**Instructions for the task:** Copy out exactly the stretch below, from the line with "แต่ทว่าในโพสต์ดังกล่าวนั้นดีเจแมน ก็ได้มีการเข้ามาคอมเมนต์ ว่า" through the line with "Sign Text: Resuscitator", both included; the pictures stay out.

**Given records:**
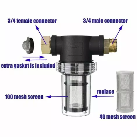 Le kit de filtre à eau comprend un filtre de tuyau en ligne (écran à 40 mailles), un écran de 100 mailles, 2 rondelles de tuyau et 3 rondelles de filtre.
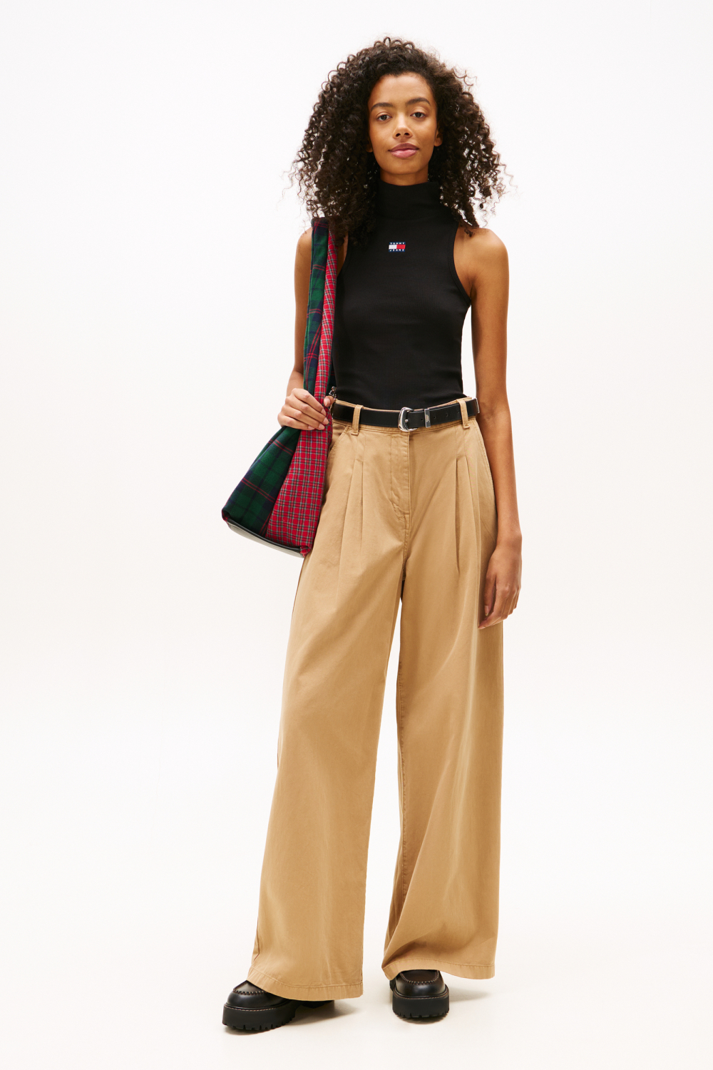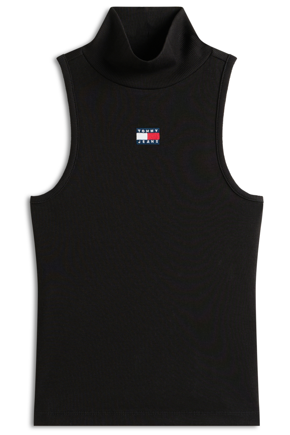 Dit zwarte high neck topje van Tommy Jeans is een veelzijdige aanvulling op jouw wintergarderobe. Het topje heeft een slanke pasvorm en is gemaakt van een comfortabele katoenmix met 5% elastaan, wat zorgt voor een fijne stretch. De ribstructuur geeft een subtiel detail aan de casual stijl, terwijl de high neck een verfijnde look creëert. Het mouwloze ontwerp maakt het ideaal om te dragen onder een jas of vest, maar ook perfect voor een avondje uit. De normale lengte en het ingetogen ontwerp maken het makkelijk te combineren met verschillende outfits. Draag deze tops met een wijde pantalon en stoere laarzen voor een modern silhouet. Het subtiele Tommy Jeans logo op de borst voegt een speelse merktoets toe. Of je nu een dagje op kantoor hebt of ontspannen door de stad wilt wandelen, dit topje past in elke situatie en elke stijl.
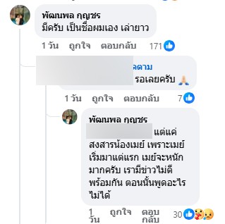 แต่ทว่าในโพสต์ดังกล่าวนั้นดีเจแมน ก็ได้มีการเข้ามาคอมเมนต์ ว่า มีครับเป็นชื่อของผมเอง เล่ายาว พร้อมกับบอกด้วยว่า แต่แค่สงสารน้องเม เพราะเมเริ่มมาแต่แรก เม จะหนักมากๆ เรามีข่าวไม่ดีพร้อมกัน ตอนนั้นพูดอะไรไม่ได้ งานนี้ก็เป็นการสะกิดต่อมเผือก และจับตารอดีเจแมนออกมาเล่าอย่างใจจดใจจ่อ
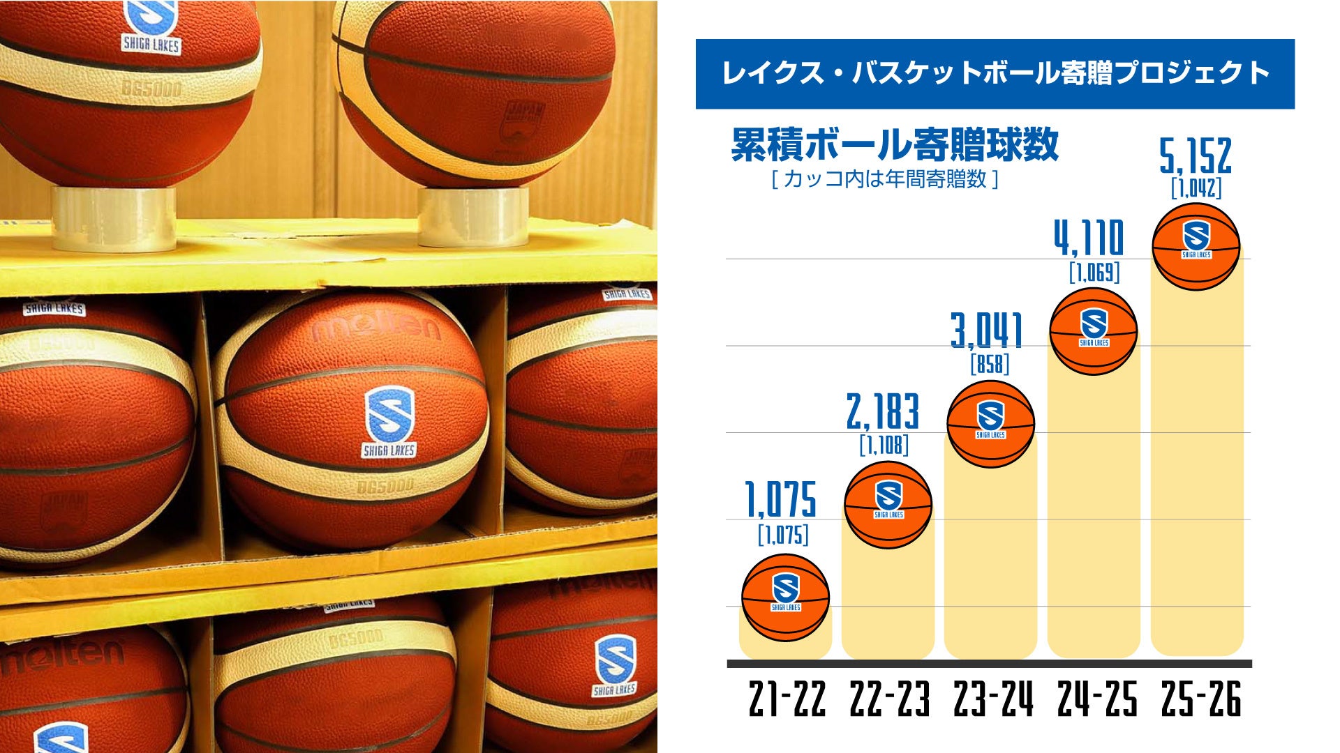 プロバスケットボールクラブ「滋賀レイクス」を運営する滋賀レイクスターズは3月23日、県内企業・事業所と進める「レイクス・バスケットボール寄贈プロジェクト」で、滋賀県内の学校へ寄贈したバスケットボールが累計5,000球に到達したと明らかにしました(2026年3月時点)。
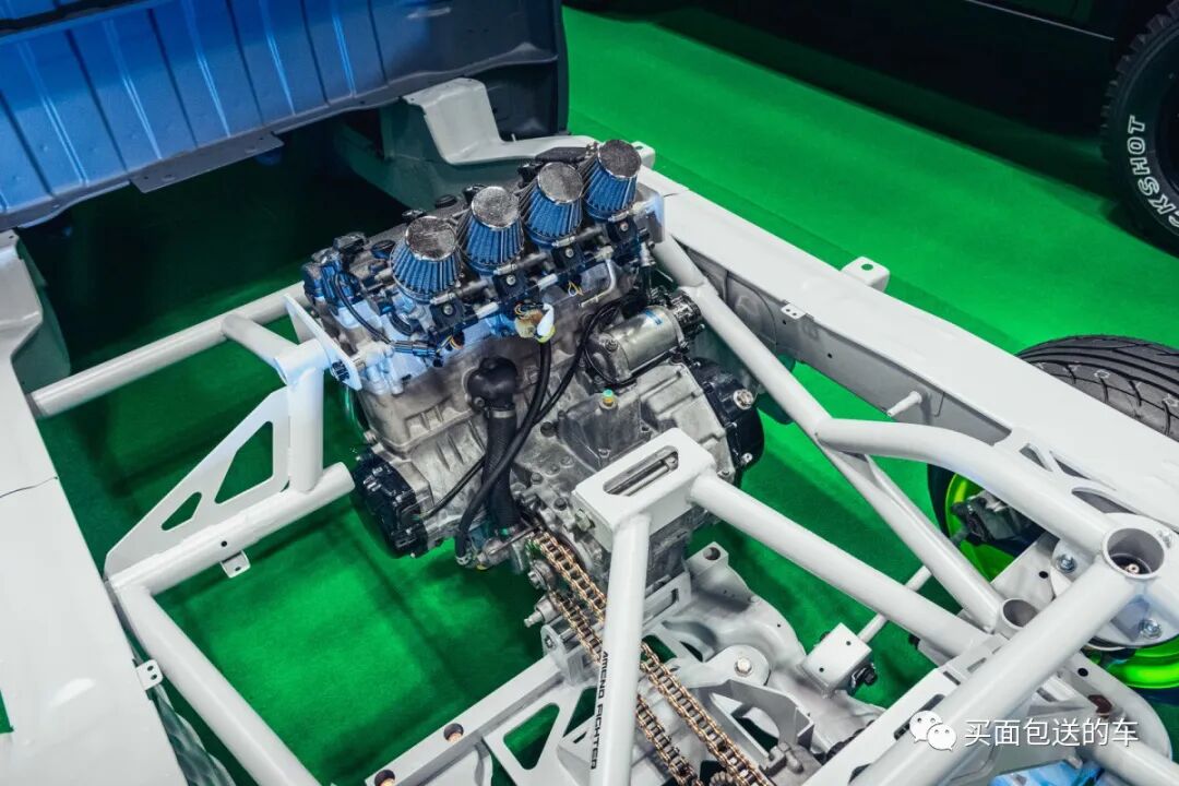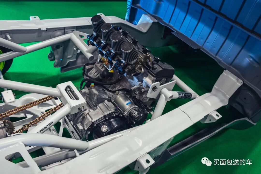发动机的姿态和摩托车一样,排气管在前方,并通过改装的不锈钢排气歧管引入到车后。
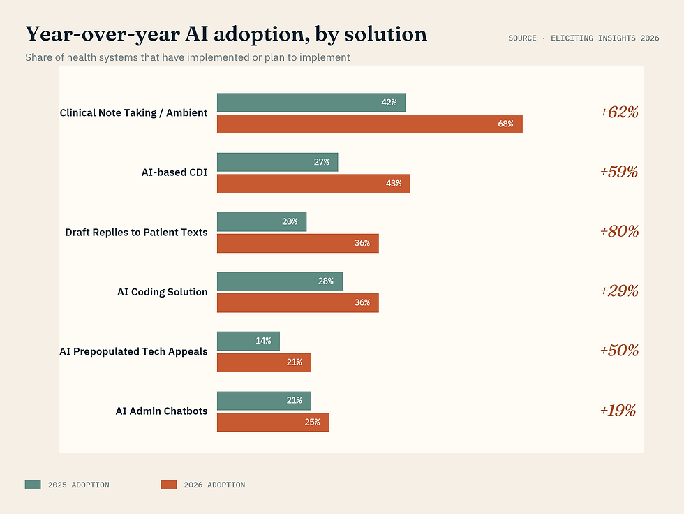 • Clinical note-taking and ambient listening: 68% adoption, up 62% YoY
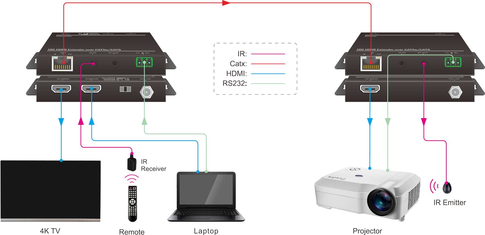 | Передача сигнала макс. | до 70 м (4K); до 80 м (1080P) по FTP CAT 5e/6 |
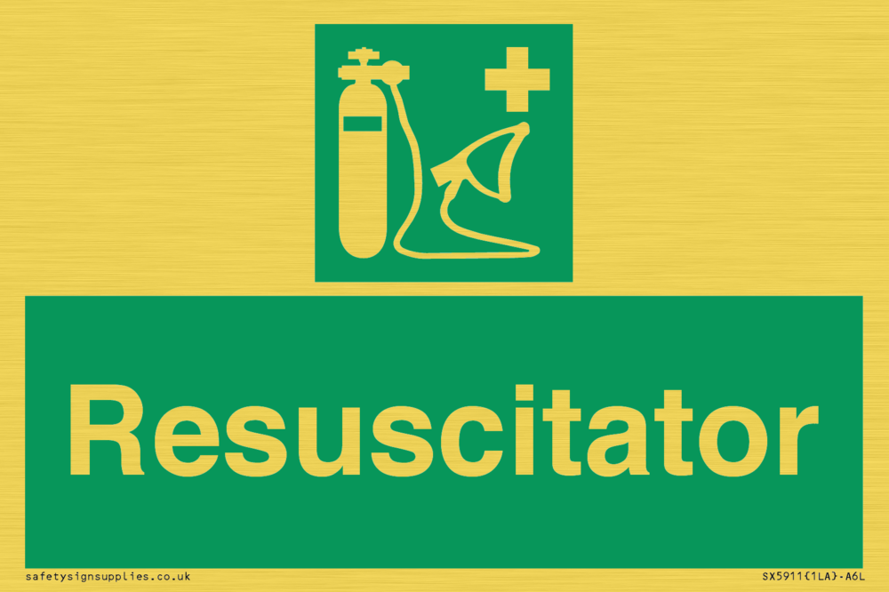 Sign Text: Resuscitator Dimensions: 150x100mm Material: Plastic Semi-rigid Gold Orientation: Landscape Text Colour: White Background Colour: Green More...
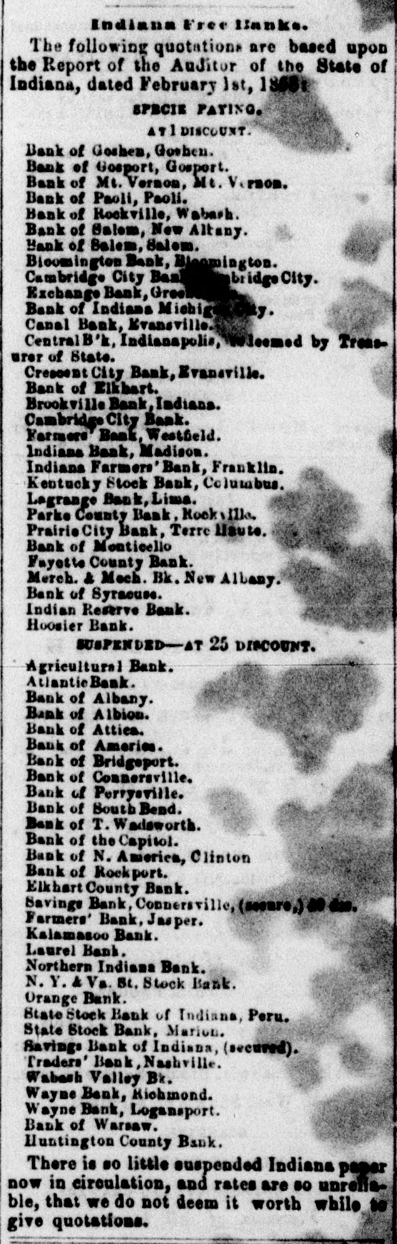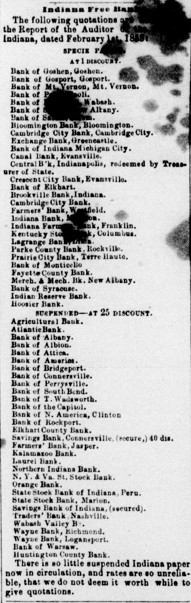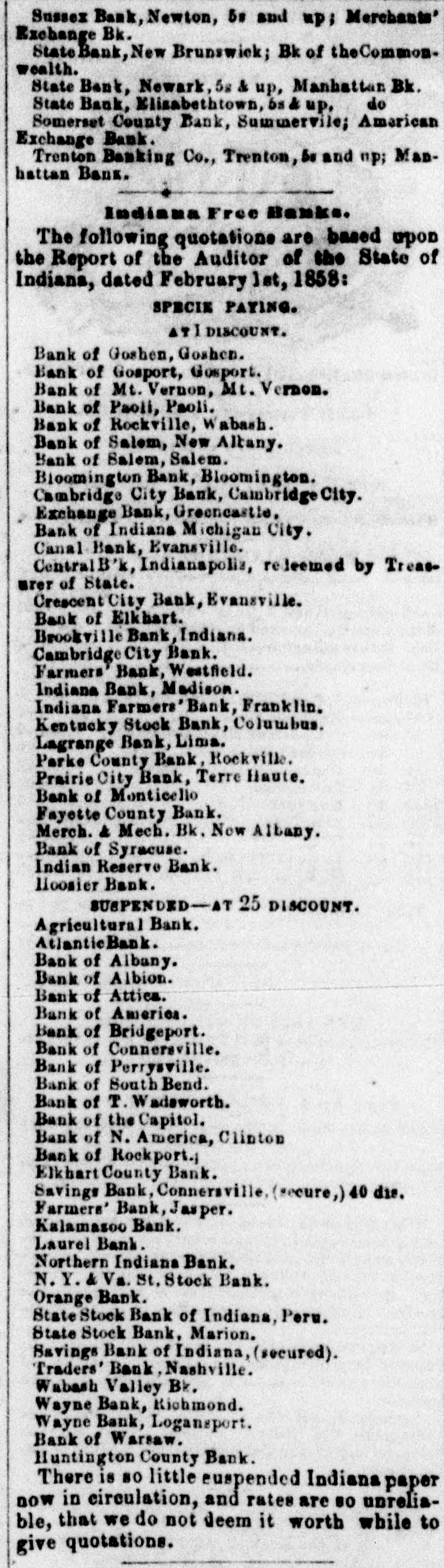 Indiana Free Bal The following quotations a the Report of the Auditor Indiana, dated February let. 1858: SPECIE P ATI DISCOUNT. Bank of Goshen, Goshen. Bank of Gosport, Gosport. Bank of Mt, Vernon, Mt. Vernon. Bank of P oli. Wabash. Bank of a Bank of Altany. Bank of So Bioomington Bank, Bloomington. Cambridge City Bank, Cambridge City. Exchange Bank, Greeneastle. Bank of Indiana Michigan City. Canal Bank, Evansville. Central B'k, Indianapolis, redeemed by Treasurer of State. Crescent City Bank, Evansville. Bank of Elkbart. Brookville Bank, Indiana. Cambridge City Bank. Farmers Bank, W field. on. M Indiana Bank, Indiana Farm ink, Franklin. k, Columbus. Kentucky Sto Lagrange BankyLisha. Parke County Bank, Rockville. Prairie City Bank, Terre Haute. Bank of Monticello Fayette County Bank. Merch. & Mech. Bk. New Albany. Bank of Syracuse. Indian Reserve Bank. Hoosier Bank. SUSPENDED-AT 25 DISCOUNT. Agricultural Bank. Atlantic Bank. Bank of Albany. Bank of Albion. Bank of Attica. Bank of America. Bank of Bridgeport. Bank of Connersville. Bank of Perrysville. Bank of South Bend. Bank of T. Wadsworth. Bank of the Capitol. Bank of N. America, Clinton Bank of Rockport. Elkhart County Bank. Savings Bank, Connersville, (secure,) 40 dis. Farmers' Bank, Jasper. Kalamazoo Bank. Laurel Bank. Northern Indiana Bank. N. Y. & Va. St. Stock Bank. Orange Bank. State Stock Bank of Indiana, Peru. State Stock Bank, Marion. Savings Bank of Indiana, (secured). Traders' Bank, Nashville. Wabash Valley By. Wayne Bank, Richmond. Wayne Bank, Logansport. Bank of Warsaw. Huntington County Bank. There is 80 little suspended Indiana paper now in circulation, and rates are 80 unreliable, that we do not deem it worth while to give quotations.

**Response area:**
 แต่ทว่าในโพสต์ดังกล่าวนั้นดีเจแมน ก็ได้มีการเข้ามาคอมเมนต์ ว่า มีครับเป็นชื่อของผมเอง เล่ายาว พร้อมกับบอกด้วยว่า แต่แค่สงสารน้องเม เพราะเมเริ่มมาแต่แรก เม จะหนักมากๆ เรามีข่าวไม่ดีพร้อมกัน ตอนนั้นพูดอะไรไม่ได้ งานนี้ก็เป็นการสะกิดต่อมเผือก และจับตารอดีเจแมนออกมาเล่าอย่างใจจดใจจ่อ
 プロバスケットボールクラブ「滋賀レイクス」を運営する滋賀レイクスターズは3月23日、県内企業・事業所と進める「レイクス・バスケットボール寄贈プロジェクト」で、滋賀県内の学校へ寄贈したバスケットボールが累計5,000球に到達したと明らかにしました(2026年3月時点)。
发动机的姿态和摩托车一样,排气管在前方,并通过改装的不锈钢排气歧管引入到车后。
 • Clinical note-taking and ambient listening: 68% adoption, up 62% YoY
 | Передача сигнала макс. | до 70 м (4K); до 80 м (1080P) по FTP CAT 5e/6 |
 Sign Text: Resuscitator Dimensions: 150x100mm Material: Plastic Semi-rigid Gold Orientation: Landscape Text Colour: White Background Colour: Green More...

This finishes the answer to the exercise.